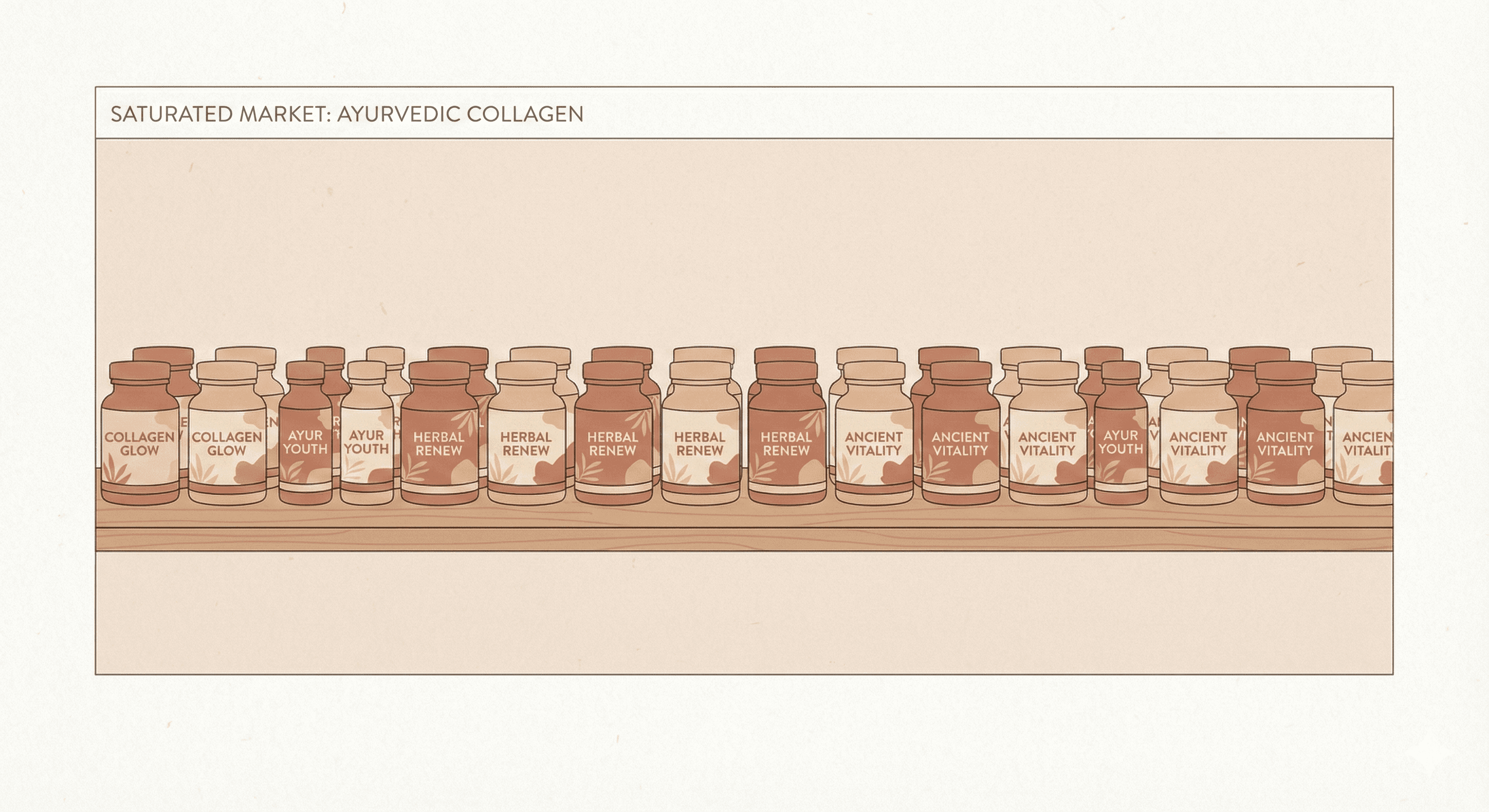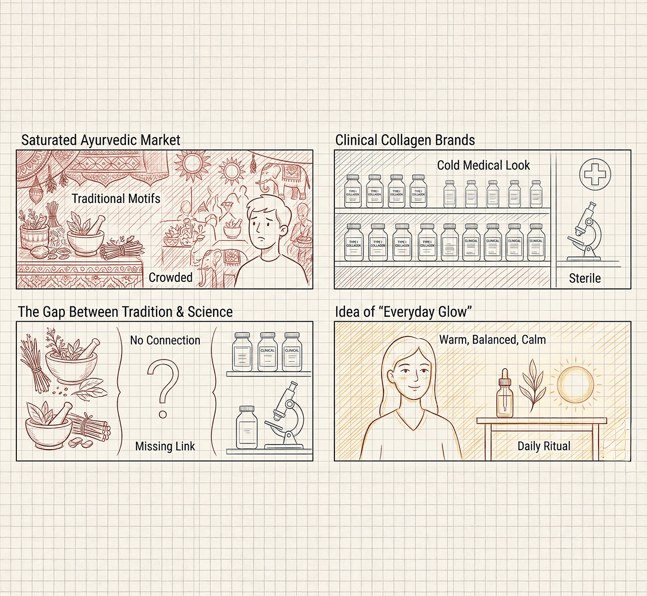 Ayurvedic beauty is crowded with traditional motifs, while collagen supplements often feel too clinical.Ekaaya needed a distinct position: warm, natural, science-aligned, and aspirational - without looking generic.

* * *

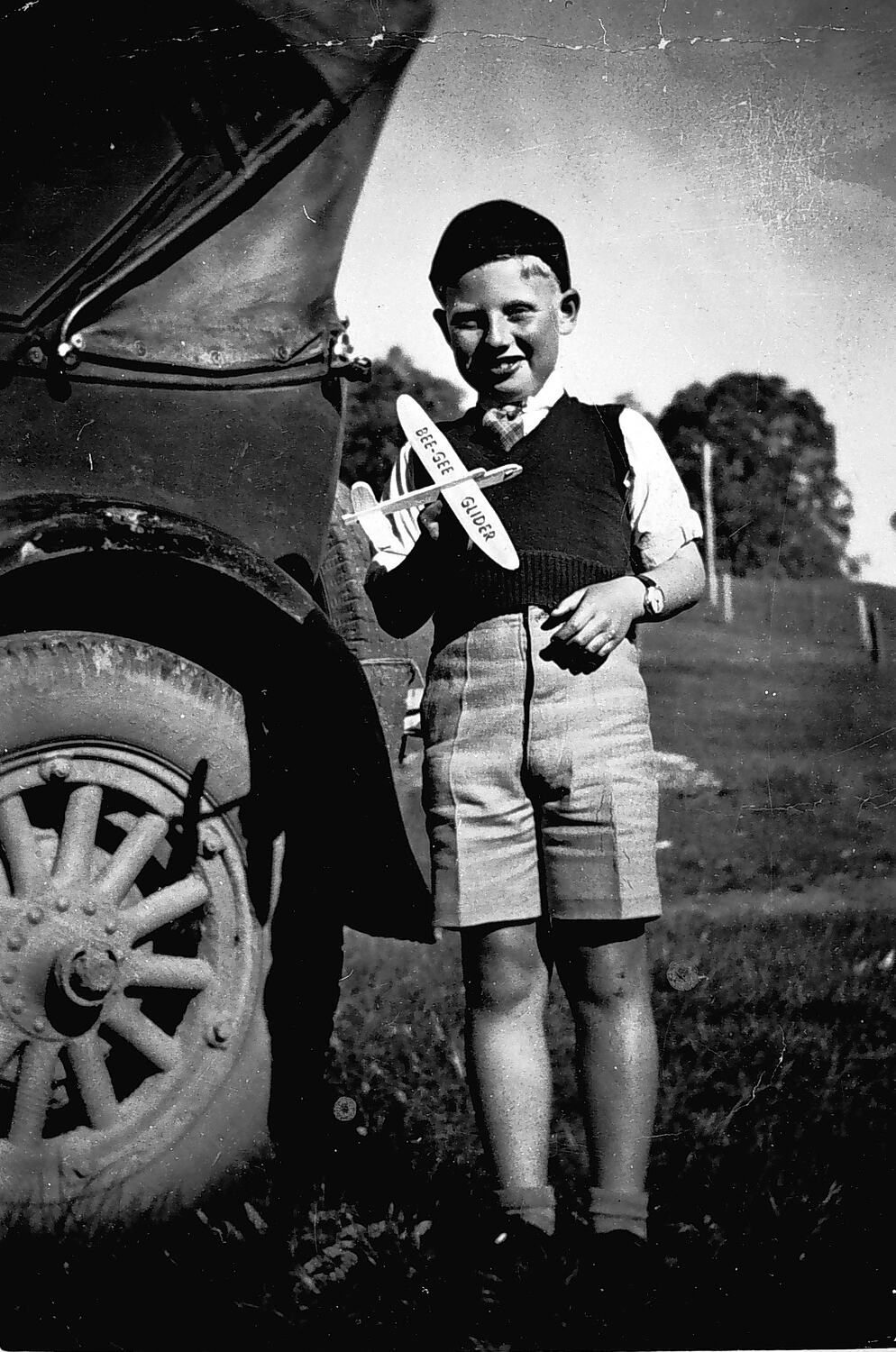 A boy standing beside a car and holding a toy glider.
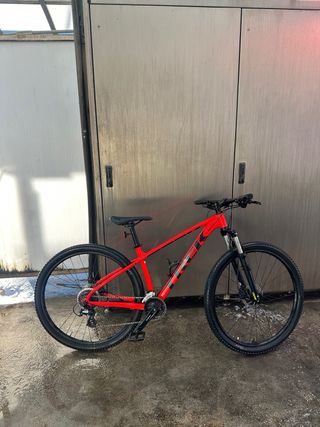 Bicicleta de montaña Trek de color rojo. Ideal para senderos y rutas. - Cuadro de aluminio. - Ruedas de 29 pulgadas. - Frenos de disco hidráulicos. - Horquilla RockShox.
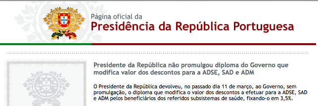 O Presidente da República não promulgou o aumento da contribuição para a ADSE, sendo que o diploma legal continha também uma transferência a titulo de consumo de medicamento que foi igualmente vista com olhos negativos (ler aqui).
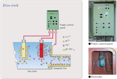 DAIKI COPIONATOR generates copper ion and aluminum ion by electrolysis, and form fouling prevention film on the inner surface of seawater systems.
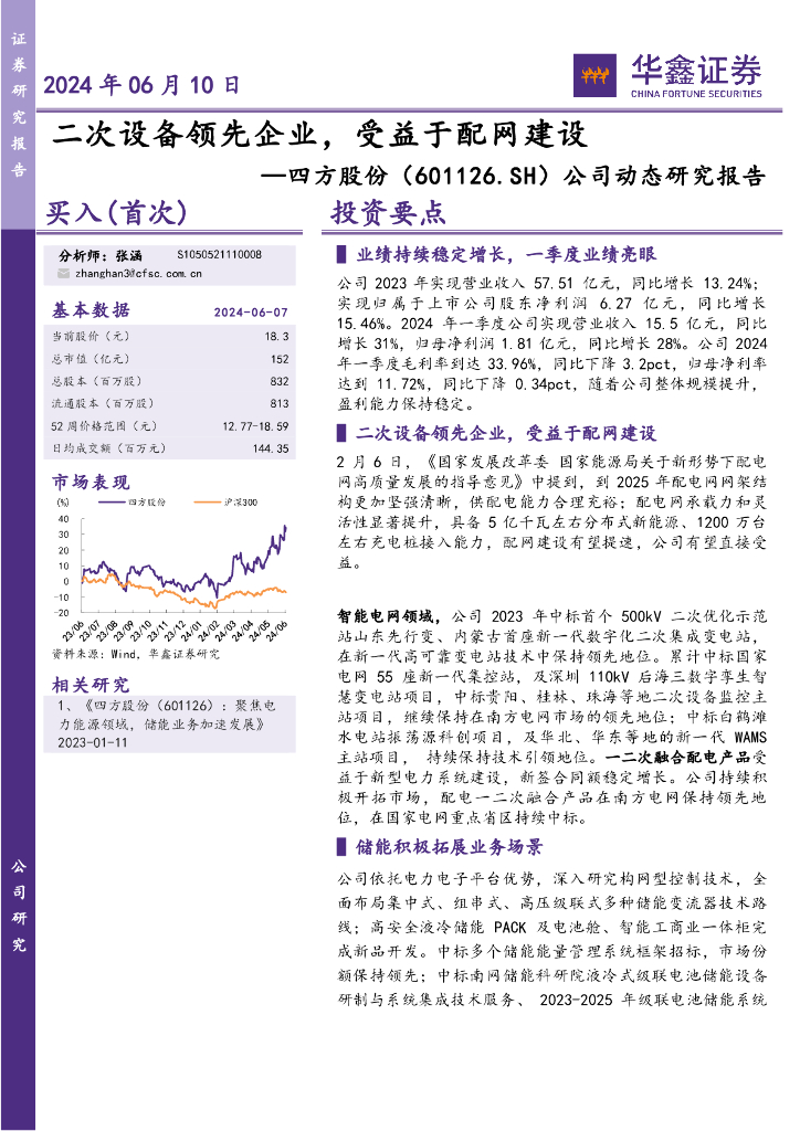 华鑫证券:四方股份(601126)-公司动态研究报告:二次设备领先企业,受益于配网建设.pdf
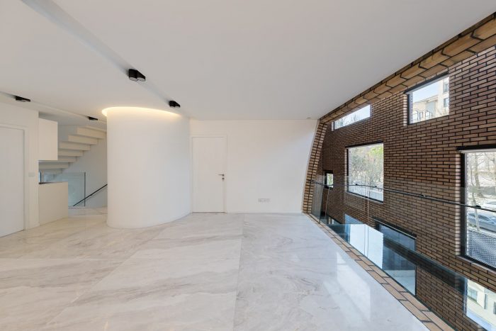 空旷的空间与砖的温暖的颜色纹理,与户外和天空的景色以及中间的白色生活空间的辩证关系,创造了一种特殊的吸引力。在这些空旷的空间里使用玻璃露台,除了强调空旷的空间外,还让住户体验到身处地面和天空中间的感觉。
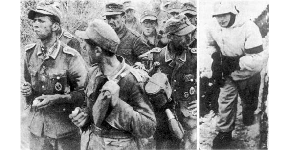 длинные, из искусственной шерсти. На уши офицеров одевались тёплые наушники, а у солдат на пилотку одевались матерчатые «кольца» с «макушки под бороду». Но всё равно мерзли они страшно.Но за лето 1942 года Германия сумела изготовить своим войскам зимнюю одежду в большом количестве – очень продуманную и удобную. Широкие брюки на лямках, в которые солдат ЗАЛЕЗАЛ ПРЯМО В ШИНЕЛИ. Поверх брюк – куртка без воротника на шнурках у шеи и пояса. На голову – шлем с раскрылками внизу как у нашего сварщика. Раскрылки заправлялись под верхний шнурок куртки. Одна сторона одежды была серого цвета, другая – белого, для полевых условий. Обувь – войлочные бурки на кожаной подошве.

---

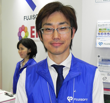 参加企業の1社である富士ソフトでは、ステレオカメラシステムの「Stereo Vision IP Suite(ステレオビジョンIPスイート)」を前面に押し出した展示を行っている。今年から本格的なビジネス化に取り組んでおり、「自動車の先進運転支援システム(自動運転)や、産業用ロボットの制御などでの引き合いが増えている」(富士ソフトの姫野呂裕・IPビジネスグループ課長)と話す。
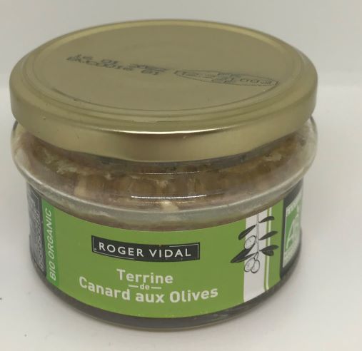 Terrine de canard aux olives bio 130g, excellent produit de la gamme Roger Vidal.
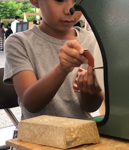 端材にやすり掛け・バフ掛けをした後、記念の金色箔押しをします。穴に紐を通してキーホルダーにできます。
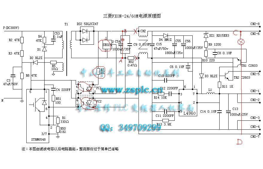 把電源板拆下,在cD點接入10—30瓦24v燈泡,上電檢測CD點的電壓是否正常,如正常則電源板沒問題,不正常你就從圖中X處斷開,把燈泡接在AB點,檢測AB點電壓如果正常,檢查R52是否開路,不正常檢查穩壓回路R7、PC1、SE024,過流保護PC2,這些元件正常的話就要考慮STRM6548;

● **Work order**
Only the lines starting at the one with "DAIKI COPIONATOR generates" and ending at the one with "空旷的空间与砖的温暖的颜色纹" should be printed, each exactly as it appears in the material above; the pictures are to be omitted.

● **Exercise result**
 DAIKI COPIONATOR generates copper ion and aluminum ion by electrolysis, and form fouling prevention film on the inner surface of seawater systems.
 华鑫证券:四方股份(601126)-公司动态研究报告:二次设备领先企业,受益于配网建设.pdf
 空旷的空间与砖的温暖的颜色纹理,与户外和天空的景色以及中间的白色生活空间的辩证关系,创造了一种特殊的吸引力。在这些空旷的空间里使用玻璃露台,除了强调空旷的空间外,还让住户体验到身处地面和天空中间的感觉。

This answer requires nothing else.